38 The references to Regina v. Clark (CCA, unreported 15 March 1990) and Regina v. Dopson (CCA, unreported 10 April 2003) do not appear to be cases of any assistance. Clark (supra) involved the imposition of gaol sentences for trafficking (two charges of supplying amphetamine contrary to s.25 of the Drug Misuse and Trafficking Act 1985) and did not involve a cultivation offence. Dopson (supra) was a case in which the respondent pleaded guilty to a single count on indictment charging him with the cultivation of a prohibited plant, cannabis, in an amount no less than the commercial quantity (501 plants). The appeal by the Director of Public Prosecutions pursuant to s.5D of the Criminal Appeal Act 1912 against a sentence of two years imprisonment imposed by Graham, DCJ., the sentence being wholly suspended. On appeal, Bell, J. (with whom Hidden and Buddin, JJ. agreed) did not consider that the decision to suspend the execution of the sentence produced a result so manifestly disproportionate to the circumstances of the offence. The appeal was dismissed.
39 Based on the premise that a term of full-time custody was a matter of common understanding and that the decisions in Clark (supra) and Dopson (supra) were "authorities" , the sentencing judge erroneously approached the matter on the basis that a sentence of full-time custody was required as a matter of agreement supported by reference to authorities that were not relevant to the point. However, the question is whether or not that provides a sufficient base to warrant intervention by this Court. Given his Honour's finding that the cultivation of cannabis plants was not intended solely for the applicant's own consumption, a term of imprisonment was clearly the appropriate sentencing option. Accordingly, the erroneous statement by the judge as to the common understanding is not one which undermined or relevantly affected the sentencing process.
Ground Three: Over-estimation of criminality
Ground Four: Failure to take into account remorse
Ground Five: Failure to take into account successful rehabilitation.
40 I have indicated in relation to the first ground that the trial judge's finding that the cultivation was a highly professional one was open on the evidence. I do not consider that there is any substance to ground 3.
41 As to grounds 4 and 5, these are incorporated in the discussion on personal or subjective factors in relation to ground 1, and accordingly do not need to be separately considered.
42 I am of the opinion that the sentence should be set aside and the applicant should be re-sentenced. I am in agreement with the sentencing judge's finding of special circumstances. I take into account the offence on the Form 1, being possession of 28 grams of cannabis leaf. I propose a term of imprisonment of a total sentence of two years and two months commencing on 10 June 2004 and expiring on 9 August 2006 with a non-parole period of one year and three months expiring on 9 September 2005.
43 Accordingly I propose the following orders:-
1. Application for leave to appeal against sentence granted.
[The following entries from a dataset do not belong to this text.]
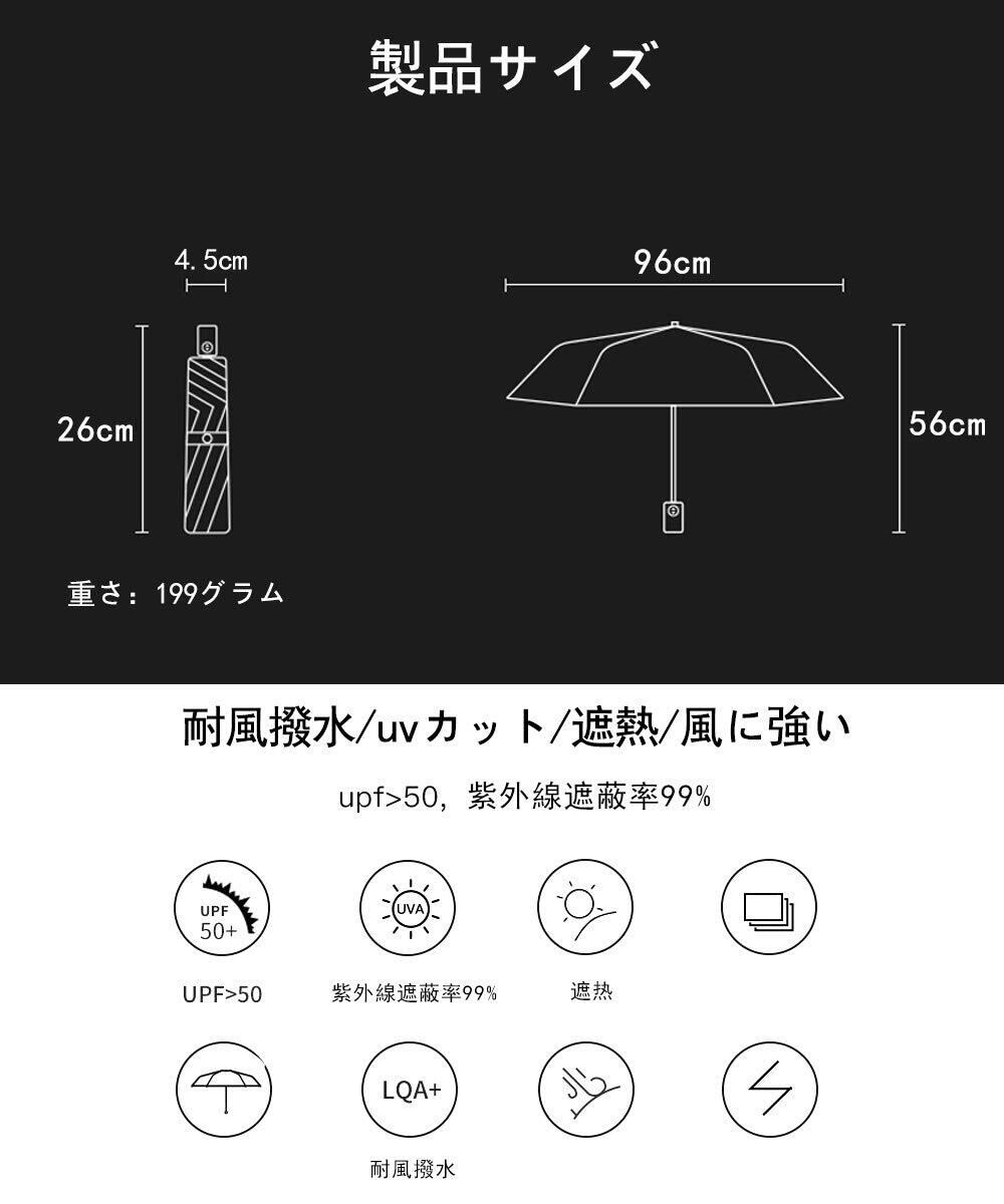 【超軽量折り畳み日傘】 自動開閉折り畳み日傘はガラス繊維と航空アルミ合金傘骨を採用するので、傘本体の重さは199gの軽量化に実現しました。普通の折り畳み傘の半分の重さしかないです、カバンに入れて常備しても負担になりません。持っていることを忘れるくらい、軽くて持ち運び便利!ショッピング途中や旅行をする時に有効な保護を提供します。
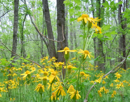 Photos, left to right by rows: Top Woods with Golden ragwort; Second Woods with ferns
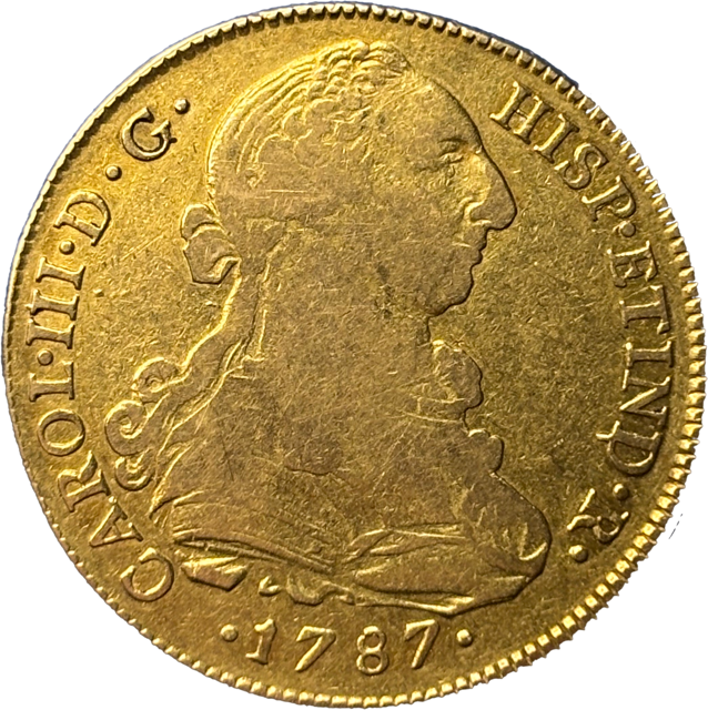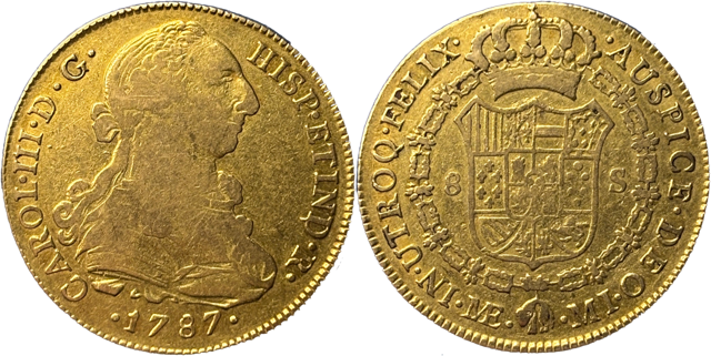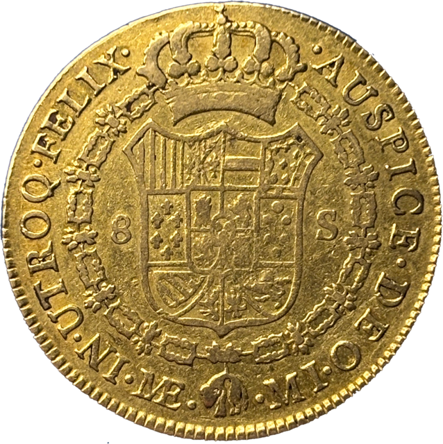 Un très bel exemplaire d’une monnaie exceptionnellement rare du Pérou frappée à Lima et à l’effigie du roi d’Espagne Charles III. Un exemplaire de 8 escudos, la plus grosse coupure de la production. Quasiment 24,7 grammes d’or pur.
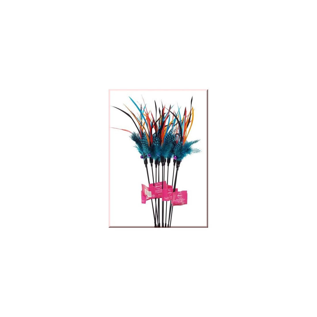 Žaislas katei ant pusiau lankstaus kotelio, su skambaliuku ir įvairiomis, spalvotomis plunksnomis. Skambaliukas atkreips net nusisukusios katės dėmesį, o skirtingo ilgio ir spalvų plunksnos tiesiog kvieste kvies nutverti plunksną ir pažaisti su šiuo kačių žaislu. Žaislo plunksnos tvirtai įklijuotos ir pakankamai atsparios katės antpuoliams :-)
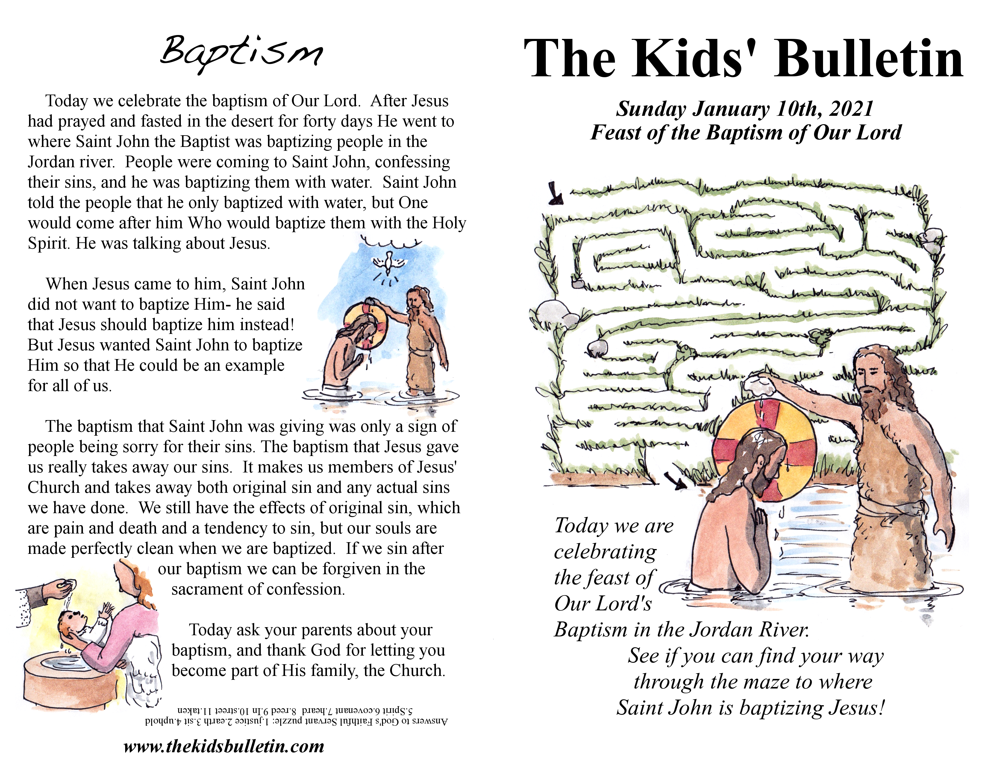 The Kids’ Bulletin for Sunday January 10th, 2021: Feast of the Baptism of Our Lord
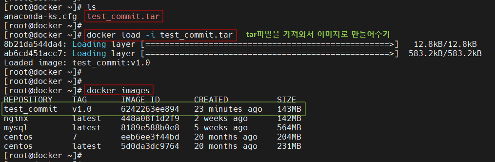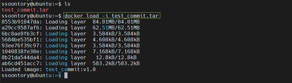 - `-i test_commit.tar`: 로드할 이미지 파일의 경로와 이름을 지정하는 옵션입니다.
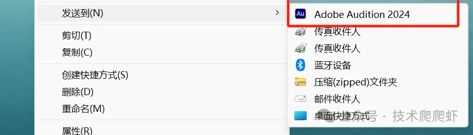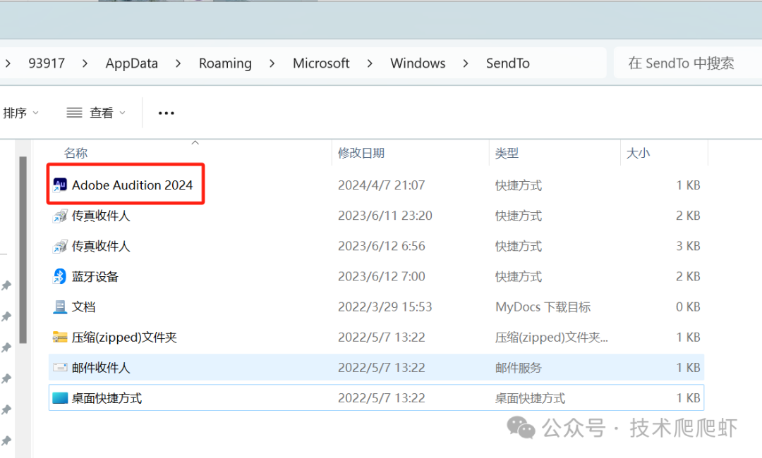 但是有时候不方便拖拽,我们可以使用sendto功能,先把Adobe Audition的快捷方式直接放到sendto文件夹
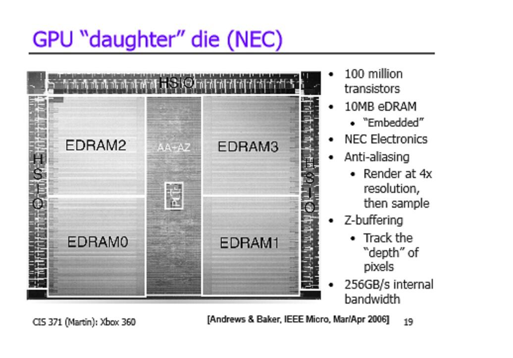 bandwidth. This is why Xbox 360 has 256 GB/s bandwidth reserved just for
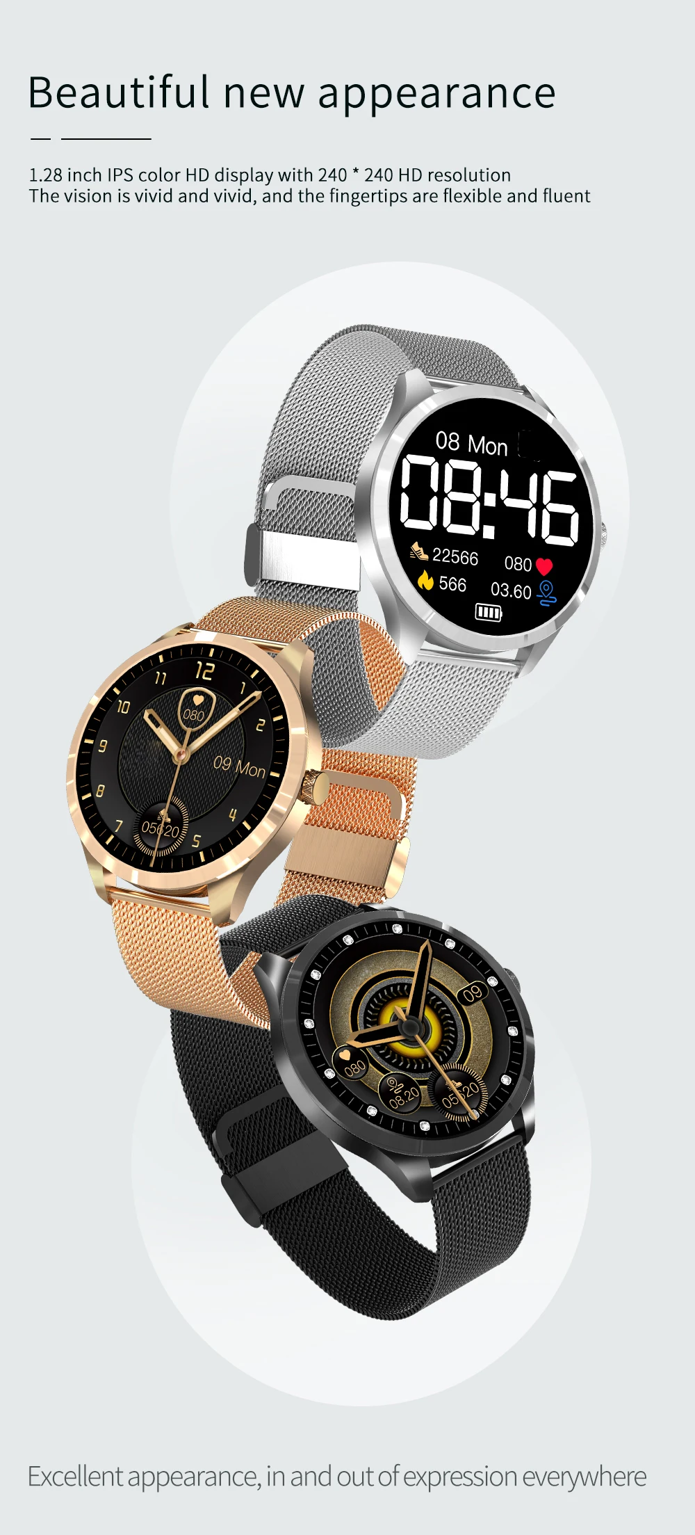 5. Экран: 1,28 дюймов IPS цветастое Разрешение экрана: 240*240.
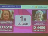 Dentro da arte com o fundo rosa, há a foto de Maria Amábile Betti Fagundes de Queiróz (Embaixadora Assistente) do Distrito 4510 com 200 projetos, uma senhora com cabelos castanhos e, do lado direito, está a foto da Gov. Maria de Lourdes Serpa Dalto (Embaixadora Assistente) do Distrito 4480 também com 200 projetos, com os cabelos claros e curtos. Entre elas há uma arte retangular informando o primeiro lugar.
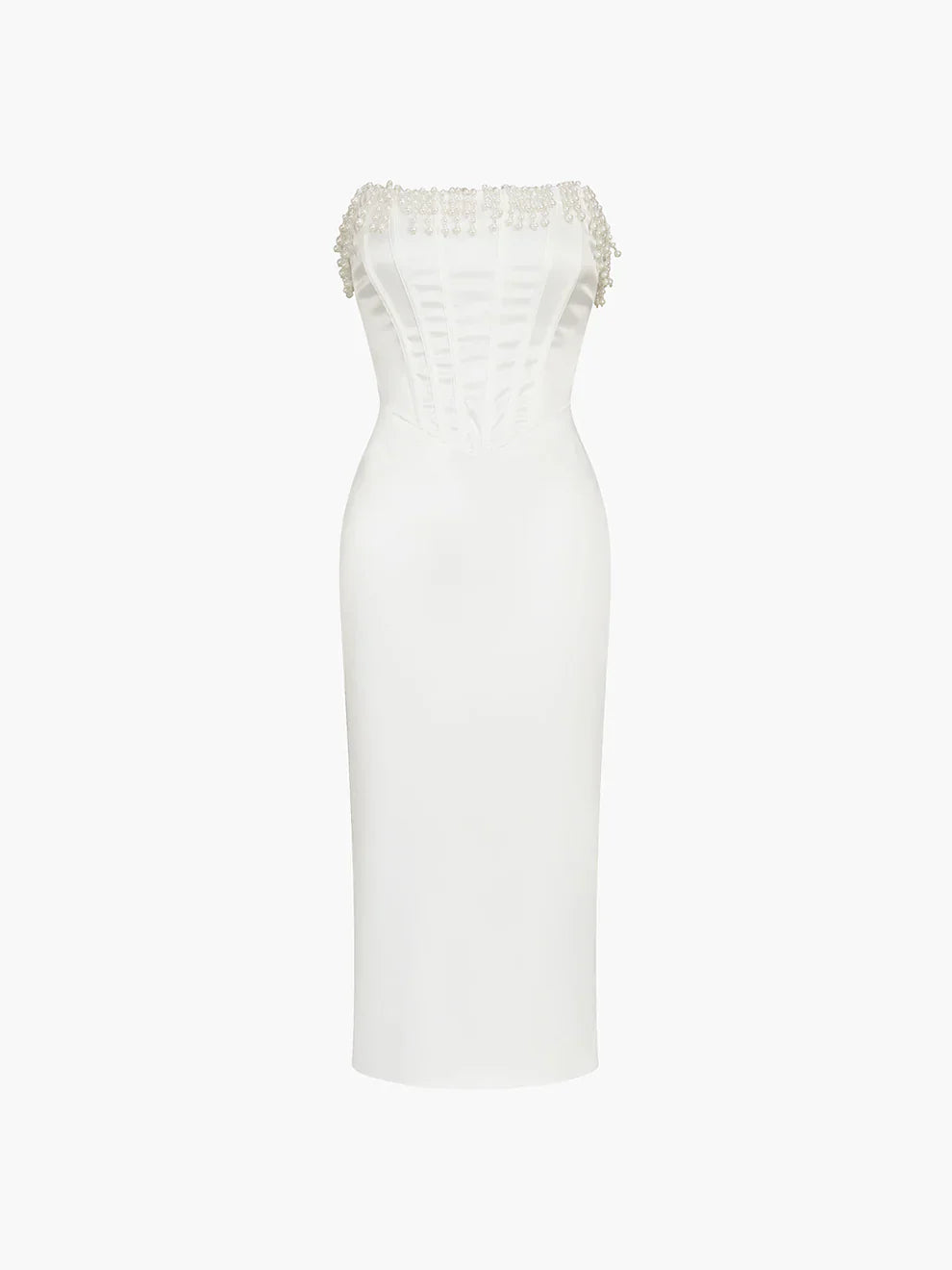 Eloise™ – Abito Bodycon Collo Barca con Perle Imitazione • Lunghezza Midi
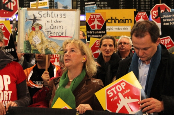 Die Biebesheimer Landtagsabgeordnete der Grünen, Ursula Hammann (Bildmitte), unterstützt den Aufruf der Bürgerinitiativen zur Montagsdemonstration gegen den Fluglärm im Terminal B des Flughafens Frankfurt und ruft die Bevölkerung ebenfalls zur Teilnahme auf.
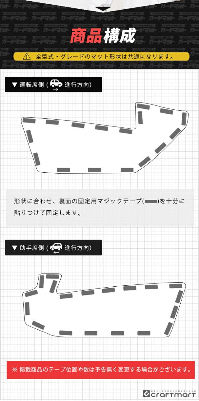 | 商品構成 | 大型コンソールボックス付き フロントパネル内側用ガードマット 2枚 |
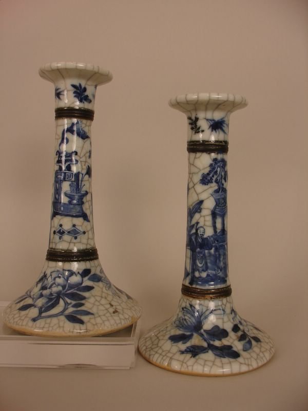 PR. CANTON CRACKLEWARE BLUE & WH. CANDLESTICKS,
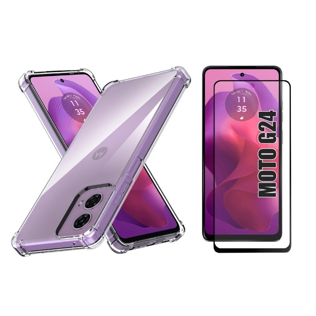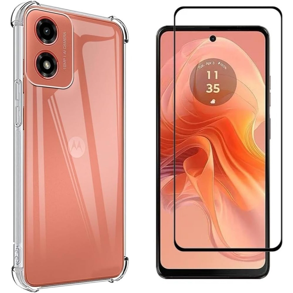 Kit Capa Anti Impacto Transparente + Película 3D P/ Moto G04/G24

2. Appeal allowed and sentence imposed in the District Court quashed.
3. In lieu thereof the applicant be sentenced, taking into account the offence on the Form 1, to imprisonment for two years and two months commencing on 10 June 2004 and expiring on 9 August 2006 with a non-parole period of one year and three months commencing on 10 June 2004 and expiring on 9 September 2005.
4. The appellant ordered released to parole on 9 September 2005.